As for cause and effect with Aβ deposition and Alzheimer’s Disease, let’s put this into a broader perspective. Of note, no clinical attempts (i.e. via the use of medication) to lower Aβ have resulted in improvement in AD, even when the actual burden of plaques has been measured. The road is littered with failed pharmaceutical trials. It has always been the case that researchers have said that there is a strong association between Aβ plaques in the brain and AD. Based on that association, there has been a tacit jump to a causal relationship, i.e. Aβ plaques cause AD. That is the basis for decades of research on how to eliminate, reduce, prevent the accumulation of Aβ in the brain. With all the failures of clinical research in this domain, some are now questioning whether Aβ and AD are really just another example of a spurious correlation. Again, the picture looks like Figure 2. Therefore, whether or not alcohol consumption has any effect on reducing Aβ deposition, that effect may be entirely irrelevant for either prevention or mitigation of Alzheimer’s Disease.
Finally, why did the NYT report on this? A slow day at the office?
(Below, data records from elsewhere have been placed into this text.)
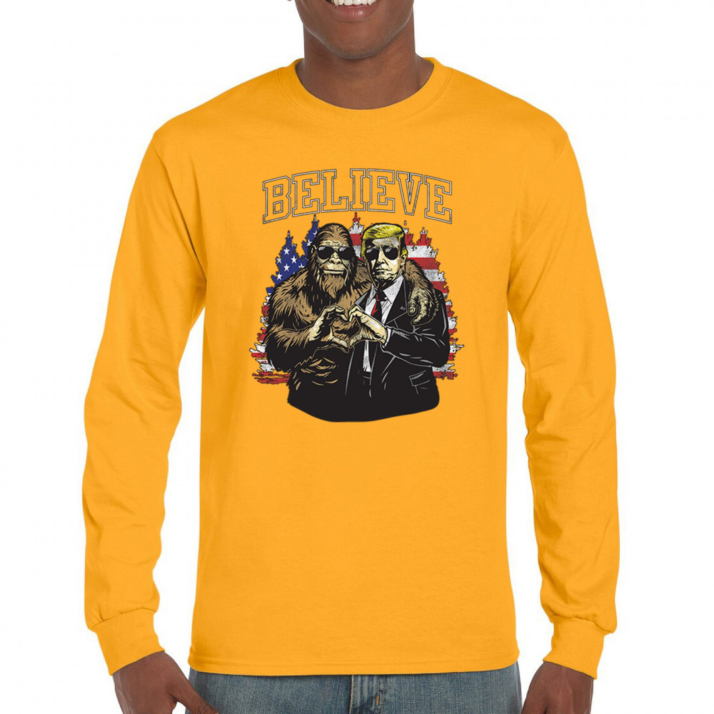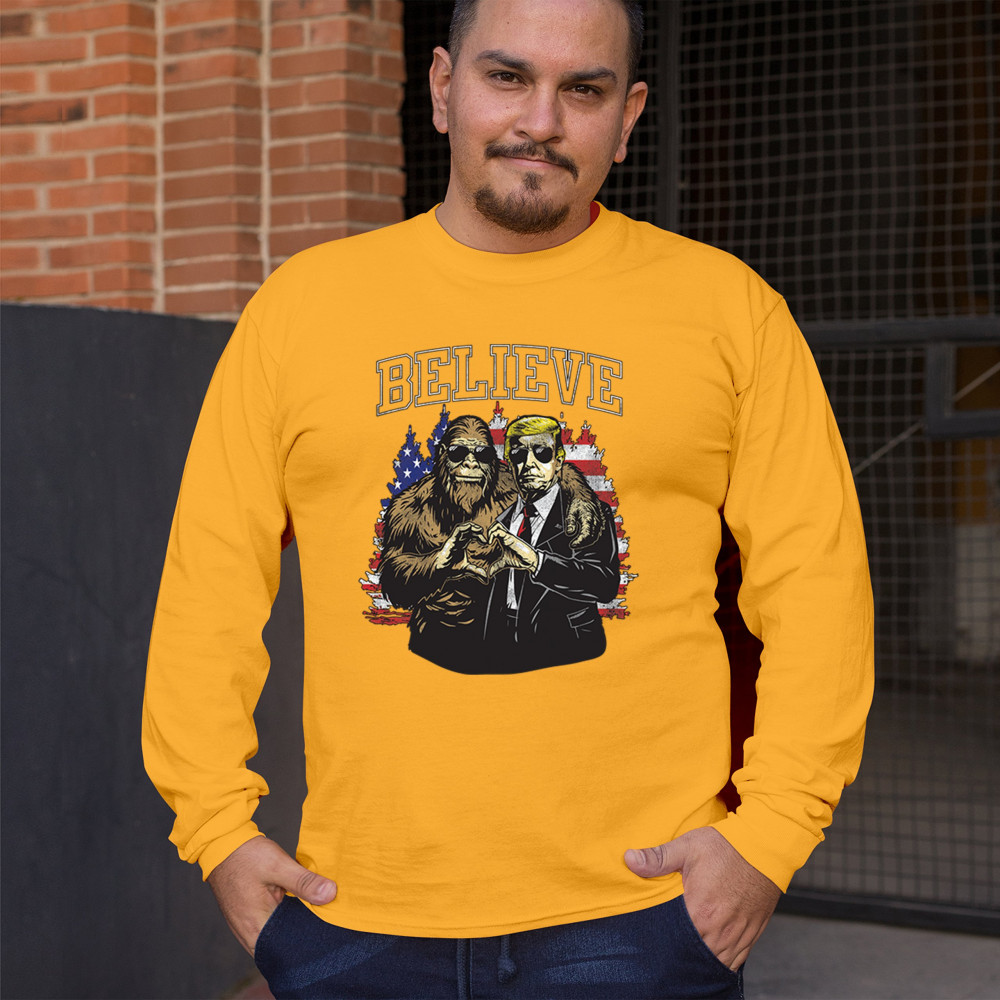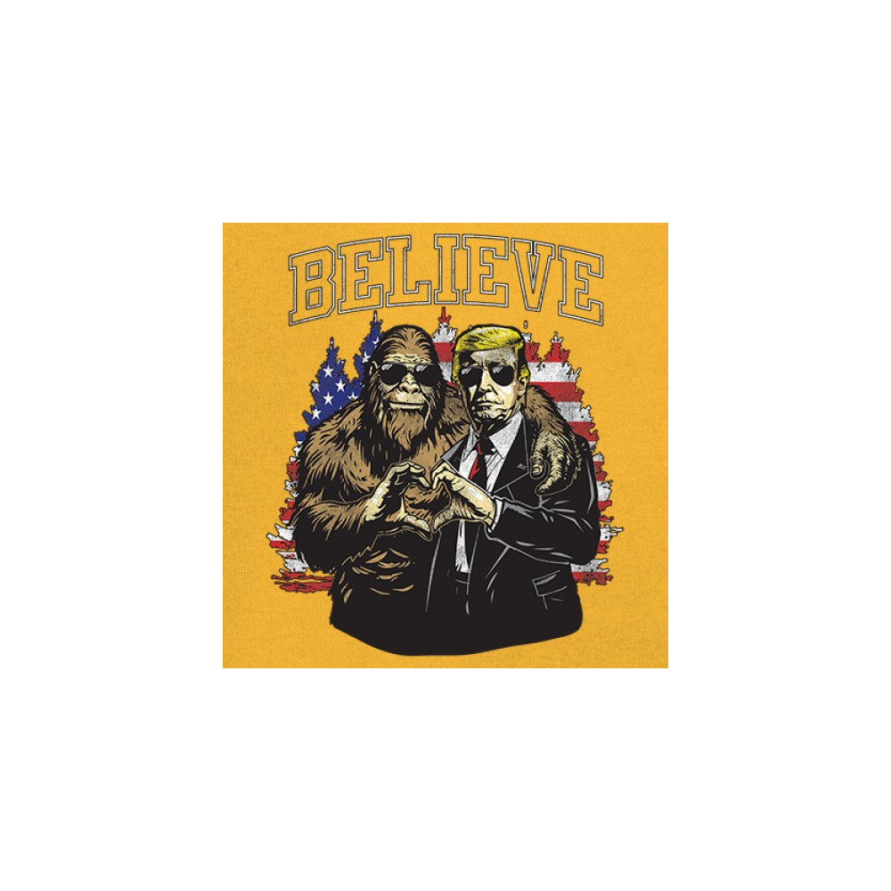 The "Believe" design combines patriotic pride and conservative values with a touch of fun. Featuring Donald J. Trump and a loyal Bigfoot against the American flag, this graphic is perfect for Trump supporters, Republicans, and believers in America First. Celebrate the Red Wave, the 47th President, and the unstoppable fight for victory. Ideal for anyone with unwavering belief in the people's mandate.
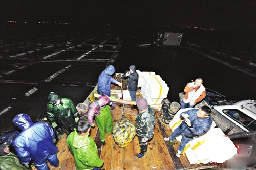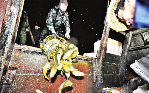 过秤后,渔民把鱼倒入船舱冰鲜
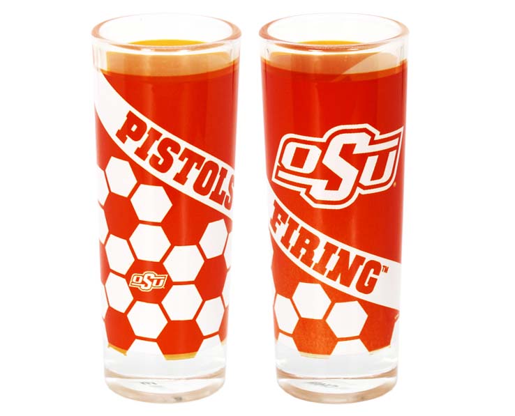 Officially Licensed Product. Oklahoma State Cowboys 2 ounce glass shooter with our all new honeycomb design featuring team slogan and logo. 12 pieces in an inner 144 per case.
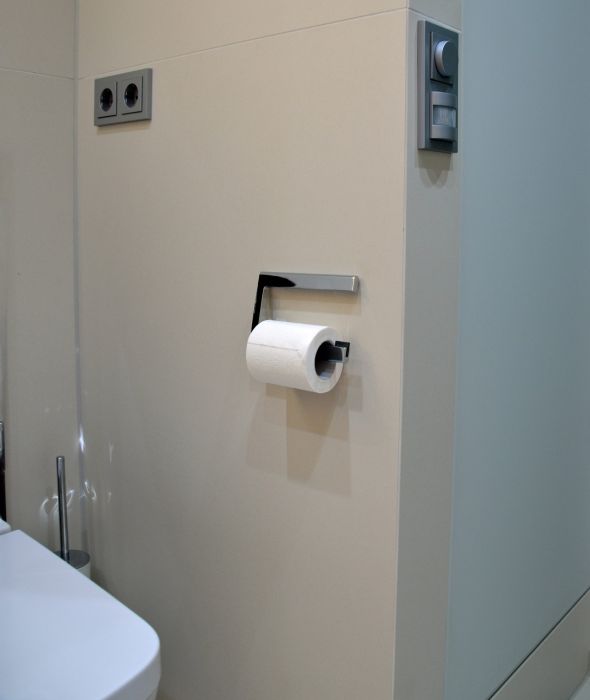 Das moderne Wasch-WC spendet tägliche Hygiene mit angeschlossenem Warmwasserkreislauf. Die schwarze Glasplatte ist nicht nur optisches Highlight, sondern bietet die Möglichkeit das WC unkompliziert in der Höhe verstellen zu können und für den täglichen Gebrauch eine integrierte Geruchsabsaugung. Ein sehr beliebten Detail da die verbrauchte Luft erst gar nicht in den Raum gelangt, sondern direkt über einen Aktivkohlefilter gesäubert wird – automatisch.
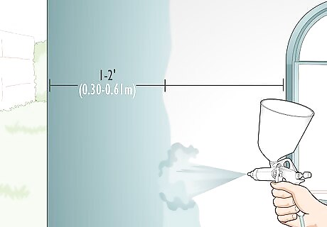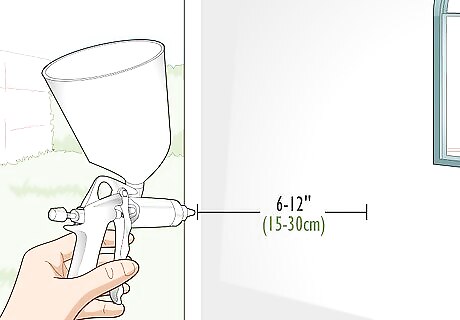 Hold the nozzle of the sprayer 6–12 inches (15–30 cm) away from the surface. This will put you in the best range to ensure an optimal balance between coverage and depth of color. Do your best to maintain this same distance the entire time that you’re spraying, including at the ends of your strokes. To guarantee a uniform finish, always keep the nozzle of the sprayer perpendicular to the surface you’re painting. The closer you bring the sprayer to the surface, the more likely you are to create drips, overly thick spots, and other imperfections. Conversely, moving the sprayer too far away will reduce your overall coverage while increasing the risk of messy overspray.
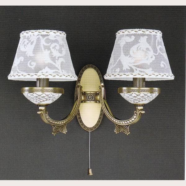 Перечислим технические характеристики Бра Reccagni Angelo A 7032/2. Тип цоколя — E27. Общая мощность лампы — 120 Ватт. Высота люстры — 250 мм. Степень защиты — IP20, что обеспечивает защиту от проникновения предметов размером более 12 мм и защиту от капель воды, падающих под углом более 15 градусов. Бра Reccagni Angelo A 7032/2 — часть коллекции Bronze 7032. Плафон люстры имеет форму конуса и выполнен в белом цвете.
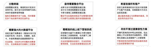 分散的終端給服務(wù)員增加了大量的工作。餐廳點菜時需要點菜寶,用微信支付寶等支付時,需要的終端是手機,傳統(tǒng)刷卡支付需要傳統(tǒng) POS 機,服務(wù)員往往需要往返多次,耗時耗力。這種情況下,急需要一個整合的平臺,可以實現(xiàn)從點菜到支付的一體化的連接,支付與卡券核實的連接,卡券與營銷工具的連接。整合后的平臺,可以讓服務(wù)流程與平臺管理的各種行為順利過度并實現(xiàn)數(shù)據(jù)關(guān)聯(lián)。
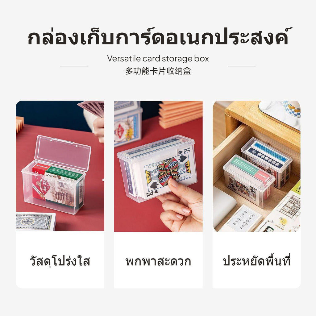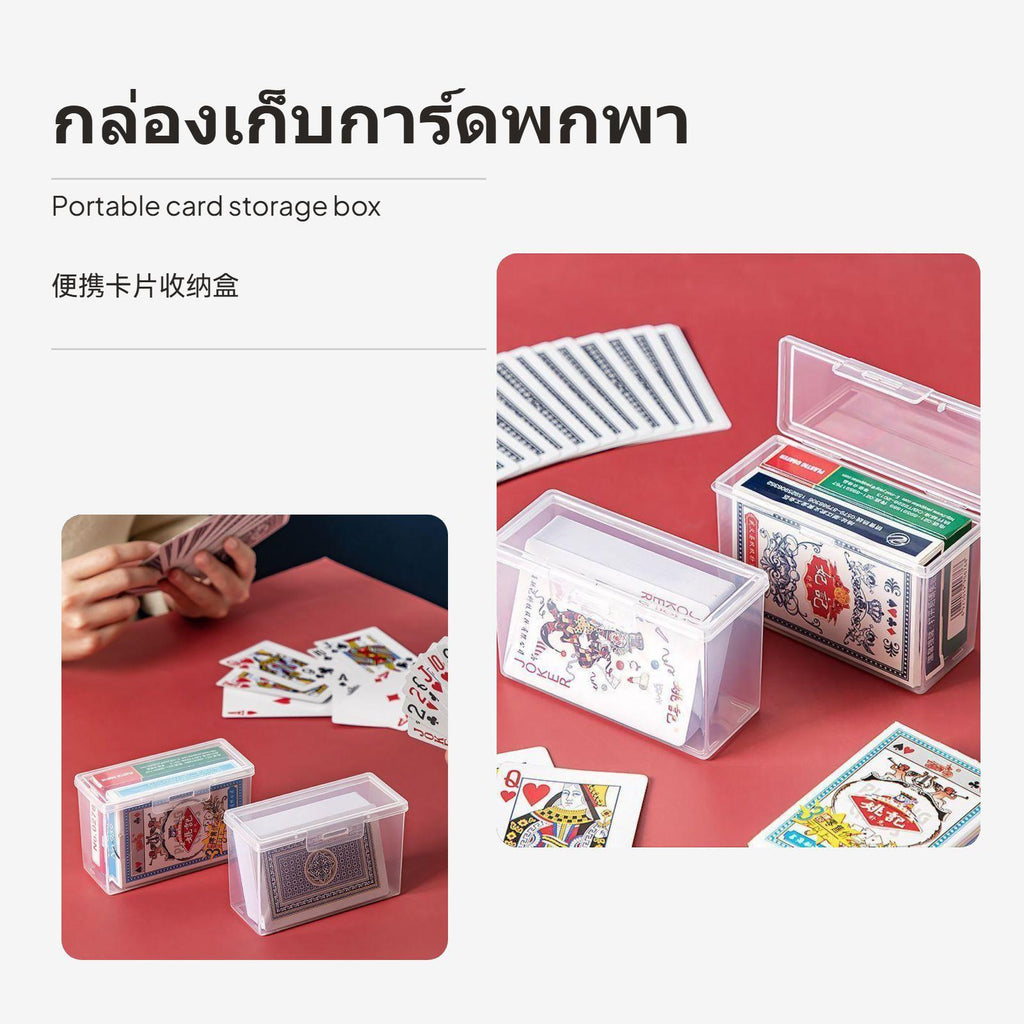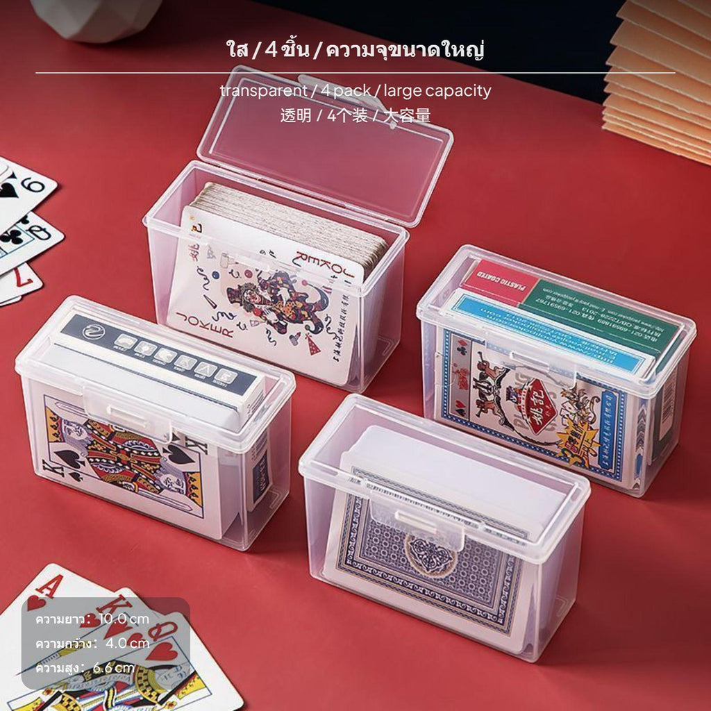 [Efficient Card Organization] Keep your poker, game cards, and name cards sorted and protected in this transparent card storage box, designed with a large capacity to easily hold various card kind.[Clear Visibility & Quick entry] The see-through transparent construction allows you to view contents at a glance, saving time and making it convenient to locate specific cards for home, office, or travel.[protected hinged lid with Snap Closure] Features a timeless rectangular shape and a hinged lid lid with a snug snap, offering effective particle and moisture protection for full card protection.[High-Quality PP Material] Crafted from sturdy polypropylene material, this box offers outstanding strength and resists deformation, guaranteeing dependable card storage and ease of maintenance.[Space-Saving adaptable] The minimalist design and space-efficient rectangular shape fit seamlessly in drawers, on desks, or within storage spaces, creating a tidy and organized environment.Specification:

Based on the journal website for the article, on Mar 14, 2020 metrics for any response to this article were: Reader Comments = 0; Media Coverage = 1. I am very much sympathetic to a reader’s comment to the original NYT online posting of this article: “In other news, a study found that umbrellas are found to cause rain.”
Thanks to Dr. Frank Rockhold for the reminder to share this link to an article in the NYT about how to read a medical publication/article. The NYT should take the advice of its own reporting! https://parenting.nytimes.com/health/medical-study-concerns
 Kim JW, Byun MS, Yi D, Lee JH, Ko K, Jeon SY, et al. (2020) Association of moderate alcohol intake with in vivo amyloid-beta deposition in human brain: A cross-sectional study. PLoS Med 17(2): e1003022.
 Ruth Peters, Jean Peters, James Warner, Nigel Beckett, Christopher Bulpitt (2008). Alcohol, dementia and cognitive decline in the elderly: a systematic review. Age and Ageing, Volume 37, Issue 5, September 2008, Pages 505–512.
 Ioannidis, J. P. A. (2013) Implausible results in human nutrition research. BMJ 347:f6698.